Early life and career
Khan was born on 28 September 1923, in a small village of Mardan, North-West Frontier Province, British India, to an ethnic Pashtun family that belonged to Yousufzai tribe. In 1939, he graduated from local high school and went to attend Forman Christian College and gained BA in English Literature in 1942. The atmosphere, in the College was liberal, tolerant and progressive. Respecting his father's wishes, Khan attended the Aligarh Muslim University and gained MA in English history in 1946. Upon his return to Mardan, Khan taught history at Islamia College, Peshawar and opted Pakistan's citizenship in 1947. In 1949, Khan joined the elite Pakistan Administrative Service formerly known as District Management Group of the Central Superior Services and started his career in 1951. He started his career in 1951 as the Secretary of Chief Minister of Sindh Provincial Government.

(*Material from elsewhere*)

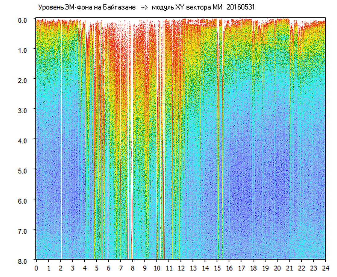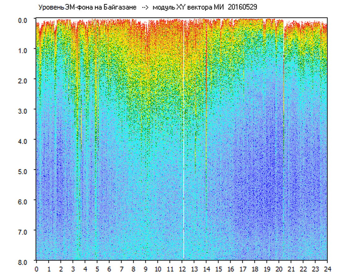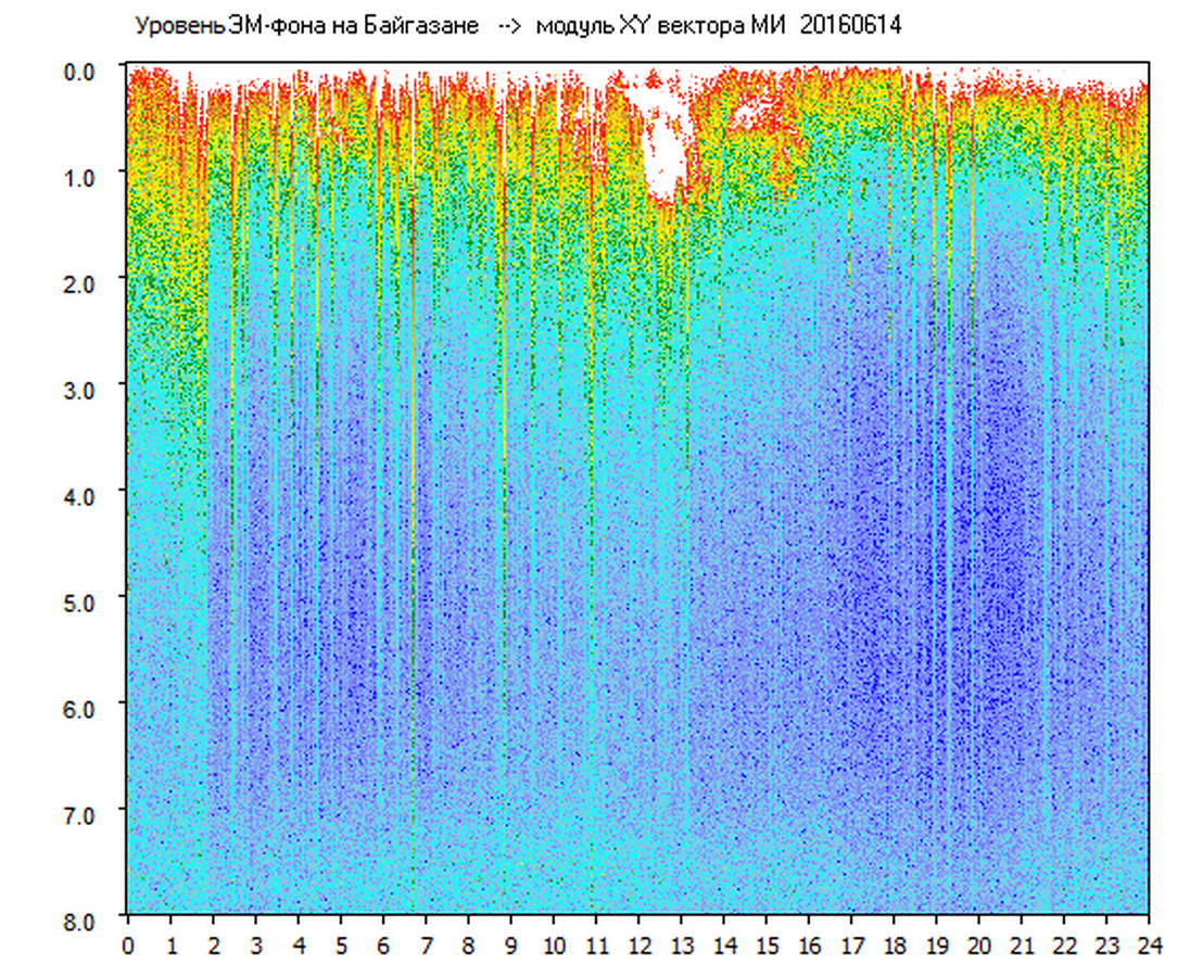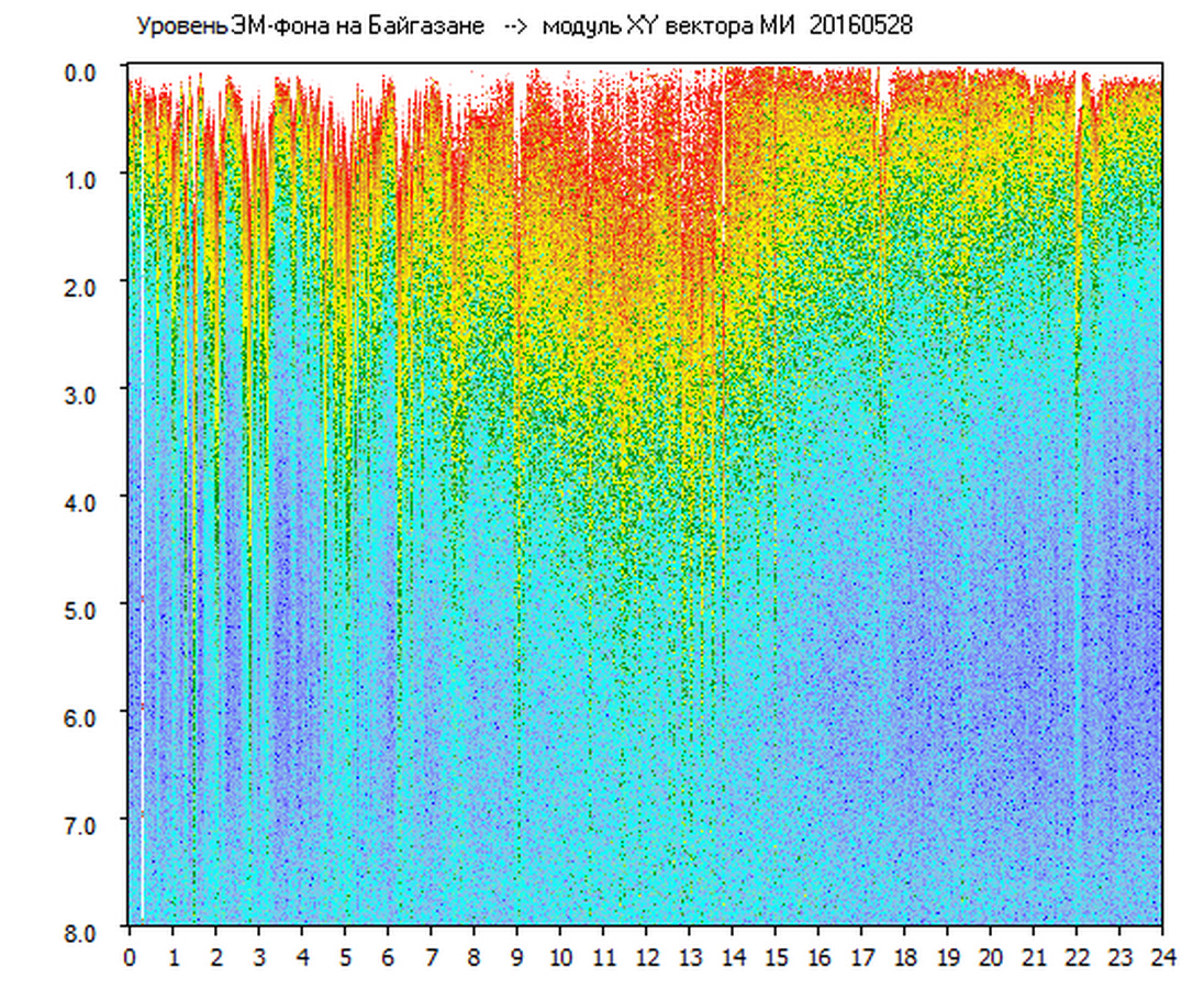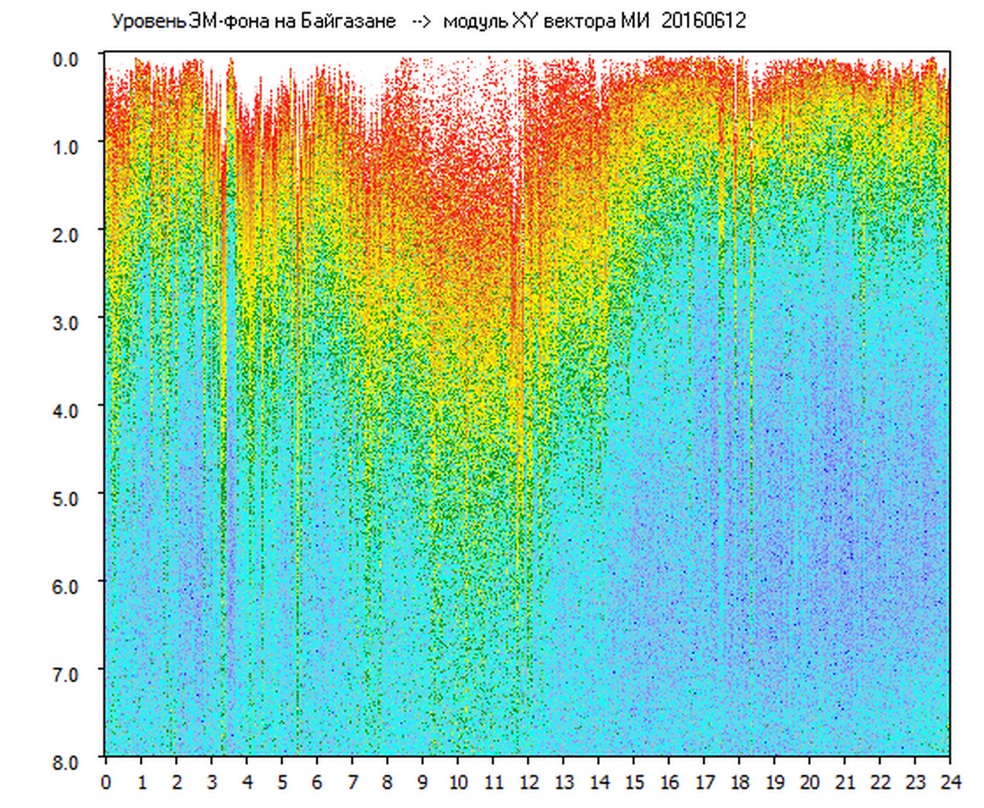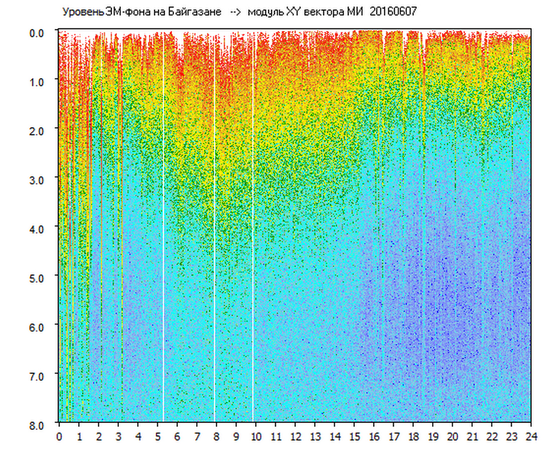 Динамические спектры электромагнитного фона в полосе частот 0 – 8 Гц (Альфвеновские резонансы)

During his long career, Khan served with five Presidents of Pakistan and three Prime ministers of Pakistan. However, his career was at peak when he served with Chief Martial Law Administrator of Pakistan General Muhammad Zia-ul-Haq, responsible for the country's internal security while intelligence efforts were built up to sabotage Soviet military intervention in Afghanistan Soviet Republic. Khan, a part of General's Zia policy to enhance the secret establishment, Khan served as its elite member. After fall of communism, Khan officially retired from Pakistan's politics and civil services and went on to become a political analyst as of current.

He went on to become the Secretary General of Pakistan, the highest rank in Pakistani bureaucracy (could only be achieved after retirement if you had served in BPS-22 grade, position not in place anymore). Roedad Khan had held major public offices during the regime of President General Muhammad Zia ul Haq and President Ghulam Ishaq Khan. Before being appointed as the Secretary General, he held the position of Interior Secretary of Pakistan. He is also author of three books.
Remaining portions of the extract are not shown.